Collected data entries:
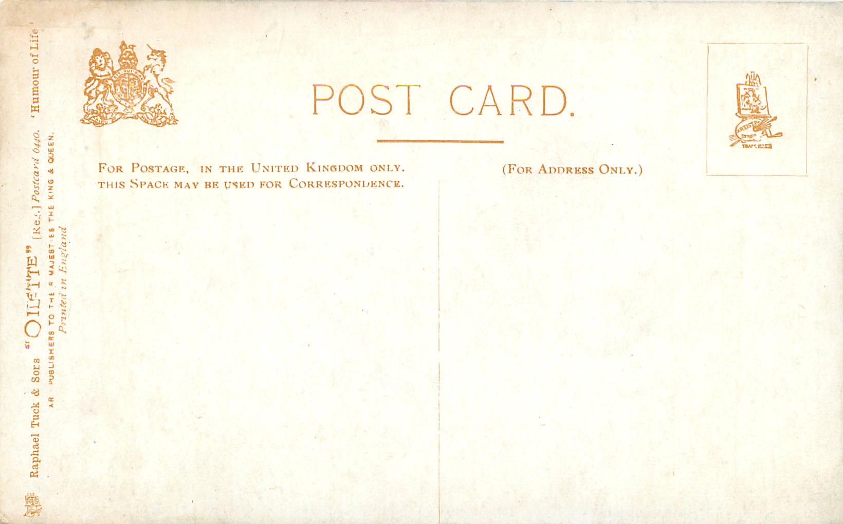 OILETTE, PRINTED IN ENGLAND, listed in 1908/1909 & 1911/1912 Postcard Catalogue
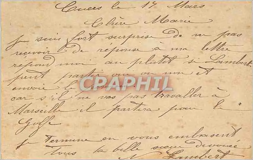 Entier Postal 10c Cad Cuers 1903 pour Marseille (n�804)
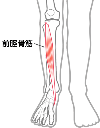 歩くときにつま先を持ち上げるクセがあると、スネの筋肉(前脛骨筋)が常に働きすぎて疲れます。
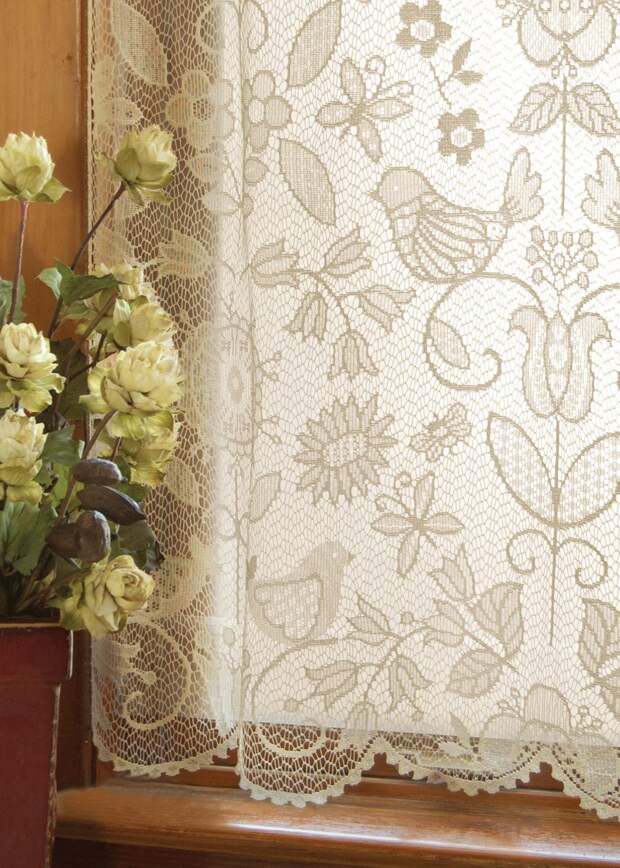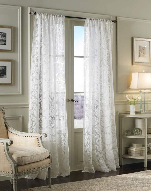 Кружевные портьеры с изящными рисунками вновь в моде. Воздушные полотна привносят мягкость и нежность в помещение, используются в интерьере кухонь, гостиных, спален. Кружевом можно задекорировать комнату в средиземноморском стиле или прованс.
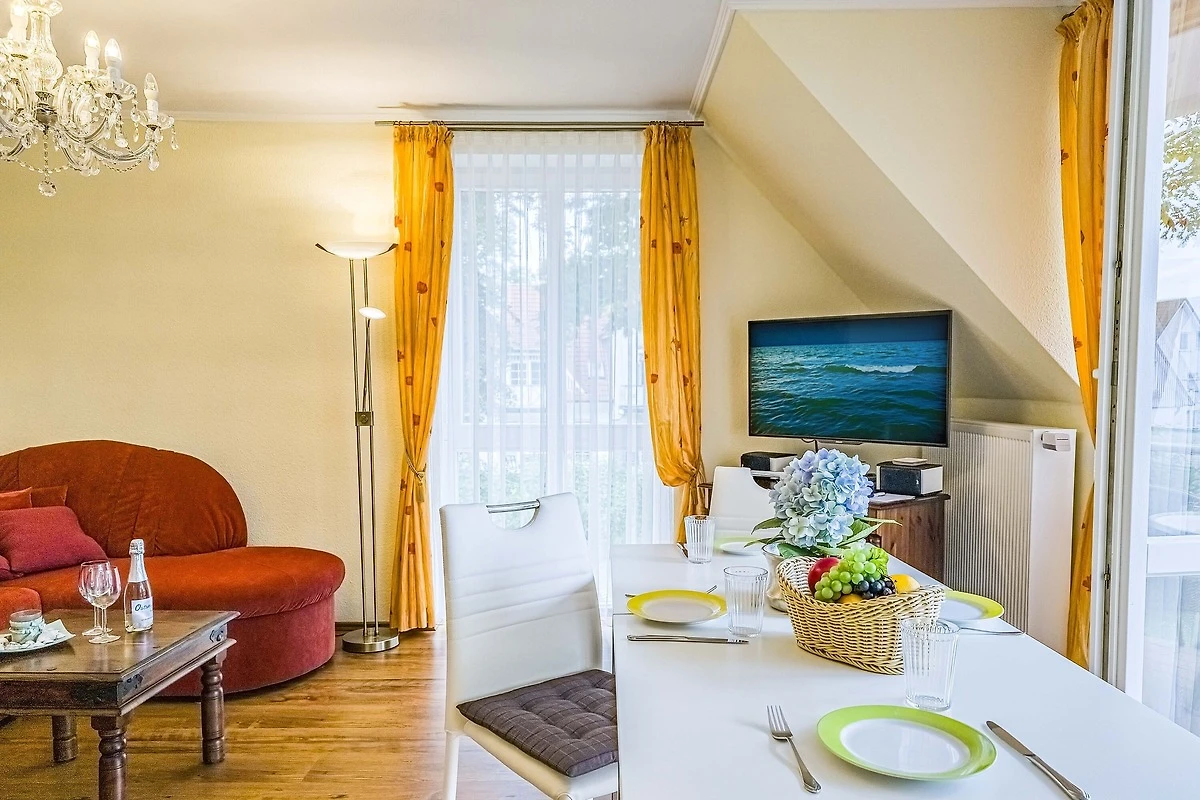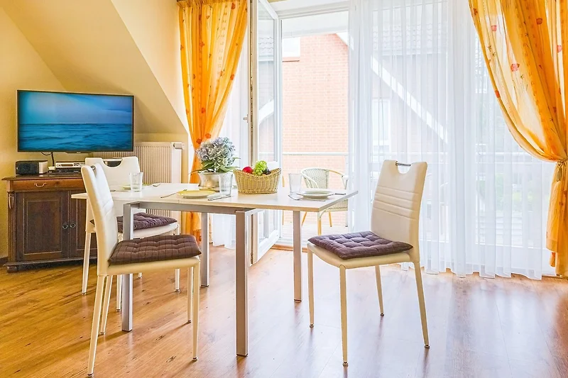 Geniessen Sie die frische Ostseeluft auf dem privaten Balkon mit Blick ins Grüne. Hier können Sie den Tag mit einem Frühstück im Freien beginnen oder abends bei einem Glas Wein ausklingen lassen.
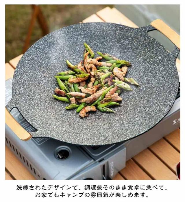 | 鉄板は、食材を焼いたり炒めたりするのが得意。 平たい形状と高い熱伝導が、食材の表面を均等に香ばしく焼き上げます。 洗練されたデザインで、調理後そのまま食卓に並べて、お家でもキャンプの雰囲気が楽しめます。 軽量なので気軽にどこへでも持ち運びできます。 | |
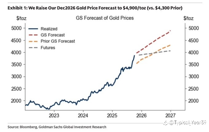 #Goldman# Sachs also raised its target for gold price for 2026 to a whopping 4900/oz, very close to 5000. It says continuous ETFs and Central Bank buying looks durable & sustainable. Basically, inst...
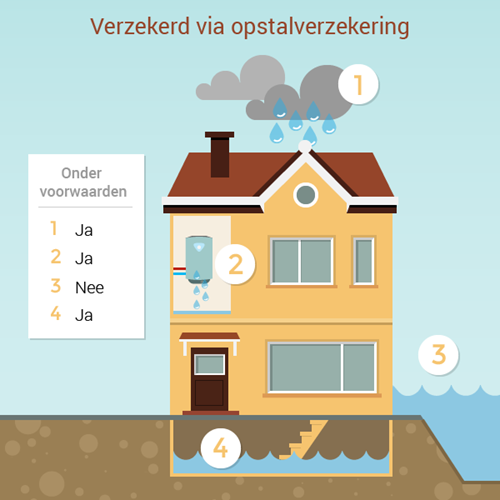 Je kelder is ondergelopen. De inboedelverzekering betaalt dan voor de spullen die er lagen. Zijn de muren ook beschadigd? Dan zijn de kosten voor de opstalverzekering of voor de verhuurder van je huis.
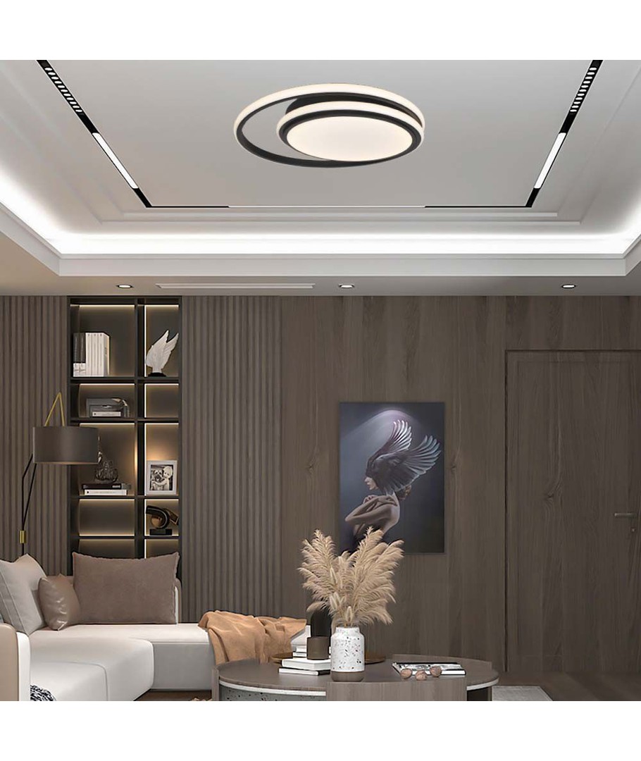Lampans dubbelrundade form och eleganta svarta färg passar sömlöst in i modern inredning och förhöjer stilnivån i vilket rum som helst. Den är designad för enkel och säker montering i tak eller på vägg.
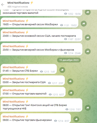 Подписчиков в аккаунтах немного – не более 700. Доступ во все открыт бесплатно. Уведомления в чатах публикуются в формате, который представлен на скриншоте ниже.
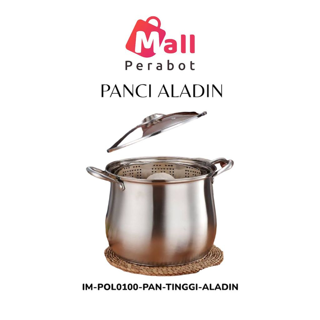Mall Perabot NK | Panci Stokpot Aladin Stainless Steel Tebal Standar | Panci Tinggi 22 cm | Pot Set Alladin | Dandang Stockpot | serbaguna
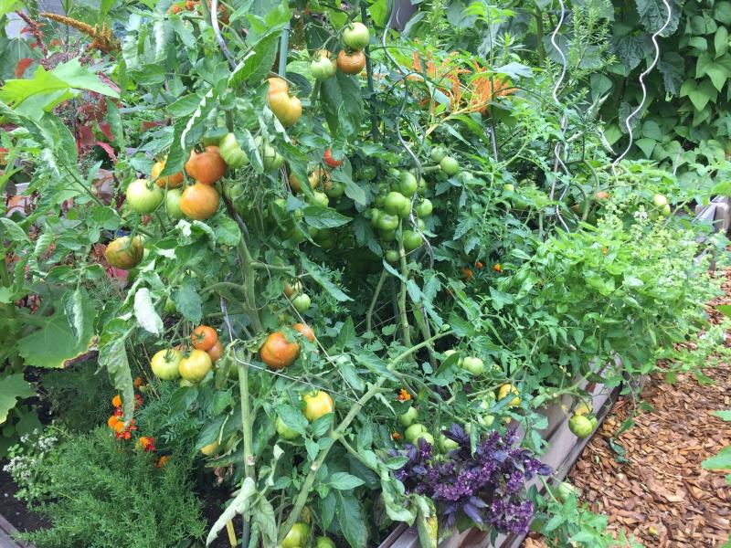 Heute habe ich eine der Freilandtomaten entsorgt, die schutzlos der Witterung ausgesetzt sind. Es regnet dieses Jahr etwas viel. Immerhin halten sich die anderen Pflanzen noch.
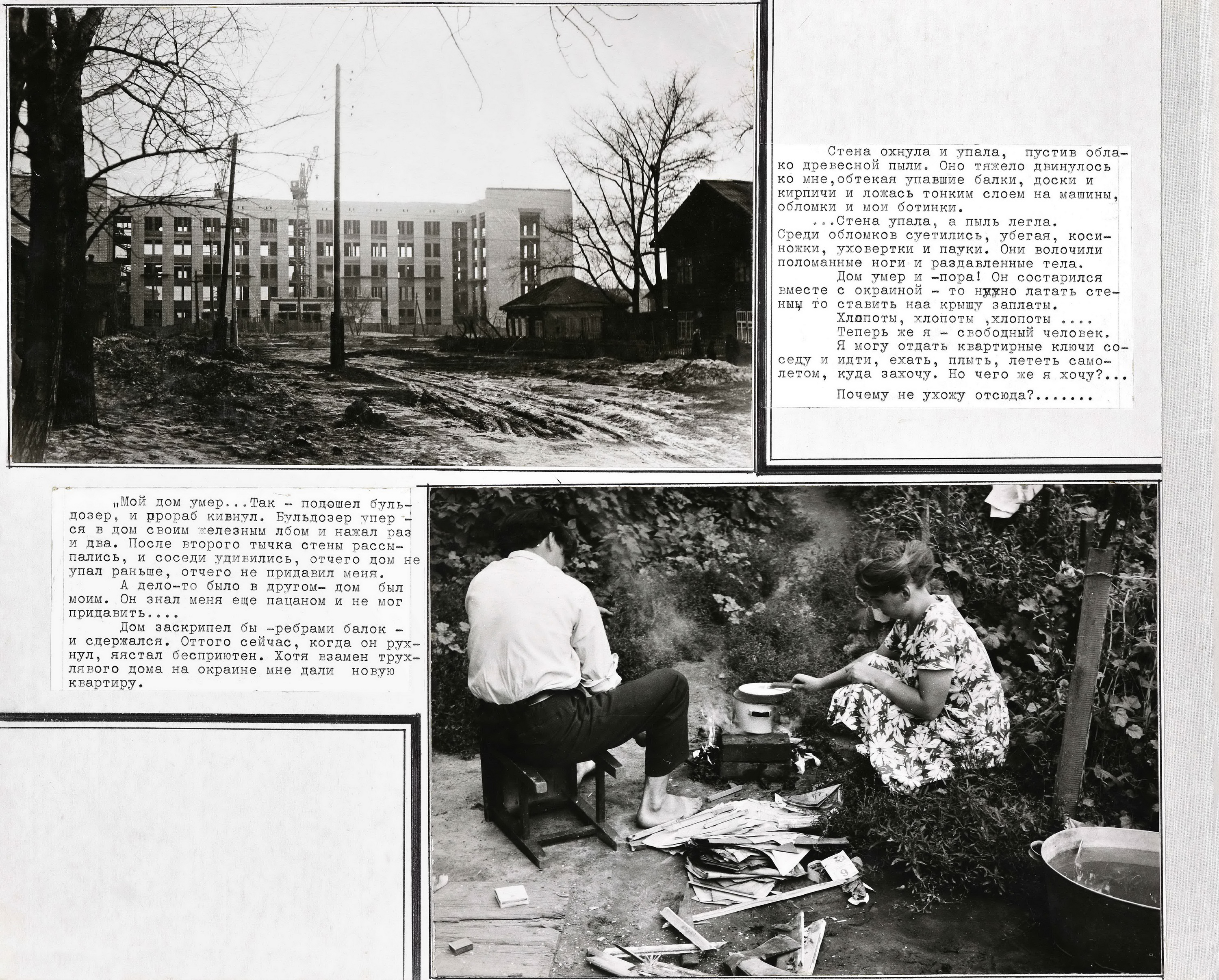 «Недавно умер мой дом. Так — подошёл бульдозер, прораб кивнул. Бульдозер упёрся в дом своим железным лбом и нажал раз и два... После второго тычка мои стены рассыпались, и все удивились, отчего дом не упал раньше, отчего не придавил меня. Прораб тоже удивился и сказал:
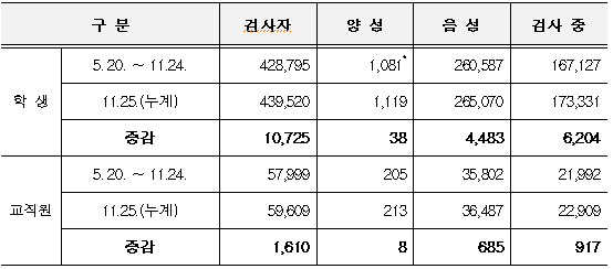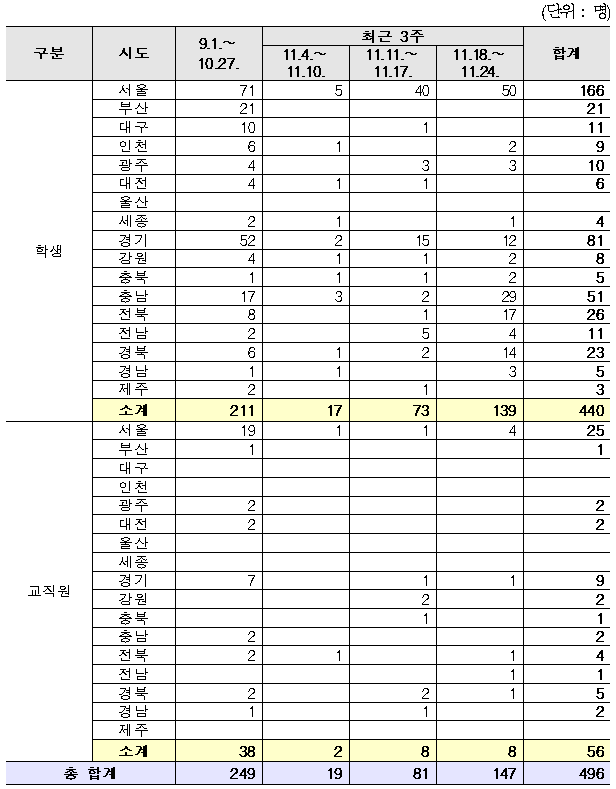 - 11.18.부터 11.24.까지 학생 139명, 교직원 8명 증가
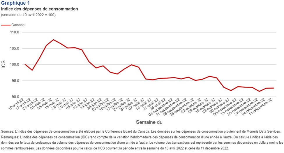 Durant le quatrième trimestre de 2022, la croissance des dépenses de consommation a ralenti. L’indice des dépenses de consommation (IDC) avait atteint une moyenne de 95,6 points en octobre, pour descendre à 92,7 points en novembre et à 92,4 points en décembre.
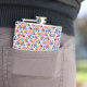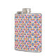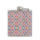 "Colorful flask with geometric pattern in blues, pinks, and oranges shown from front and left angles, conveying a vibrant, playful tone."
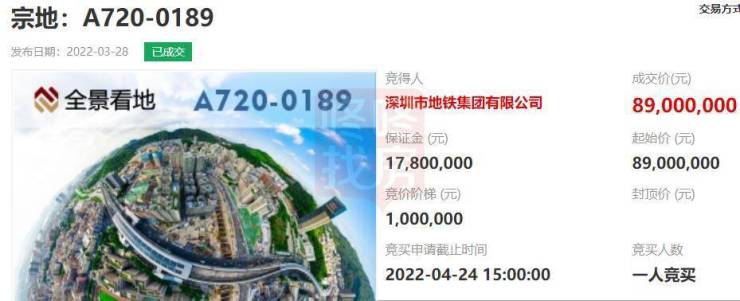 4月26日,宝安成功出让一宗商业用地,由深圳地铁以起始价8900万拿下。

What this task involves: Above are records with pictures. Reproduce exactly only the lines from the line with "Je kelder is" through the line with "Lampans dubbelrundade form", both ends included, and leave the pictures out.

Written answer:
 Je kelder is ondergelopen. De inboedelverzekering betaalt dan voor de spullen die er lagen. Zijn de muren ook beschadigd? Dan zijn de kosten voor de opstalverzekering of voor de verhuurder van je huis.
Lampans dubbelrundade form och eleganta svarta färg passar sömlöst in i modern inredning och förhöjer stilnivån i vilket rum som helst. Den är designad för enkel och säker montering i tak eller på vägg.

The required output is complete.